Dark blue tortuous lines tapering upward with a blue boar with its upper part

Those who know public health know Prof. Irving Zola‘s “upstream vs downstream” parable. Irving Zola is a medical sociologist. His friend, John McKinlay, describes Zola’s parable in his 2019 article titled “A case for re-focusing upstream: The political economy of illness”1.

The “Upstream boat” sails through this upstream path.

Following is the reproduction of the parable;

” I am standing by the shore of a swiftly flowing river, and I hear the cry of a drowning man. So I jump into the river, put my arms around him, pull him to shore, and apply artificial respiration. When he begins to breathe, there is another cry for help. So I jump into the river, reach him, pull him to shore, apply artificial respiration, and then just as he begins to breathe, another cry for help. So back into the river again; another cry!
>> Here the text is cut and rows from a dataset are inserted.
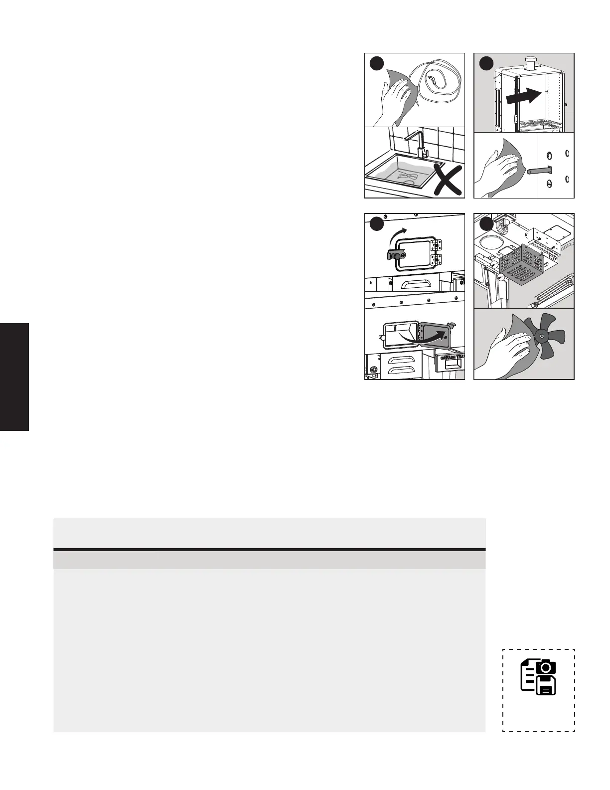Évent d'admission d'air Toutes les 5-6 séances de fumée Dépoussiérer, éponge à gratter & eau savonneuse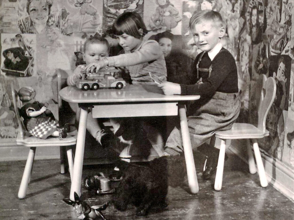 Hans, Dorte og Mads i legestuen, hvor der er brugt forsider af ugeblade som tapet på vægen.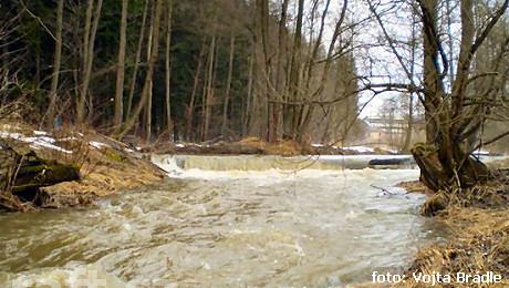 r.km 3,9 Zbytky rozbořeného jezu nad Josefodolem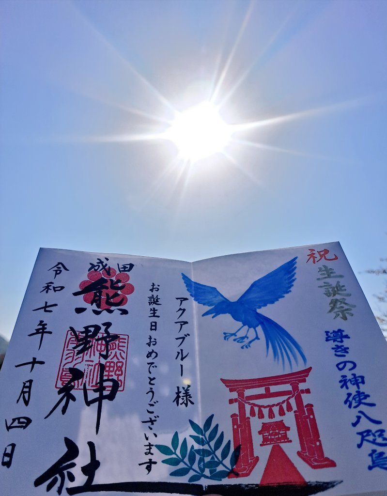 成田豊住熊野神社⛩️ 誕生日詣➅ 青い導きの神使八咫烏デザインの誕生日御朱印を頂きました⛩️✨ 八咫烏の誕生日御朱印めっちゃ嬉しいです😆⤴️⤴️しかも青色💙 今年も千葉県で誕生日詣巡り楽しめましたことに感謝です✨😌✨ 成田なので空には大きな飛行機✈️ #御朱印巡り #成田豊住熊野神社 pic.x.com/hepnMGEpcg

Again and again, without end, goes the sequence.

You know I am so busy jumping in, pulling them to shore, doing the same, that I have no time to see who the hell is upstream pushing them all in”.

This public health metaphor classic forces us to re-focusing our attention on the highest impact interventions. It becomes an effective tool within the Social Determinants of Health framework.

Graphical presentations of Zola’s parable

Progressive organizations employ this parable to make their mission clearer to everyone. Following are two examples of such graphics;

Sudbury and Districts public health in Ontario, Canada

The following graphic appears on the website, which belongs to the public health Sudbury and Districts in the Ontario province. It vividly explains Zola’s parable.

Irving Zola’s “Upstream-downstream parable”; Source: Sudbury and Districts public health

National Collaborating Center for Determinants of Health (NCCDH)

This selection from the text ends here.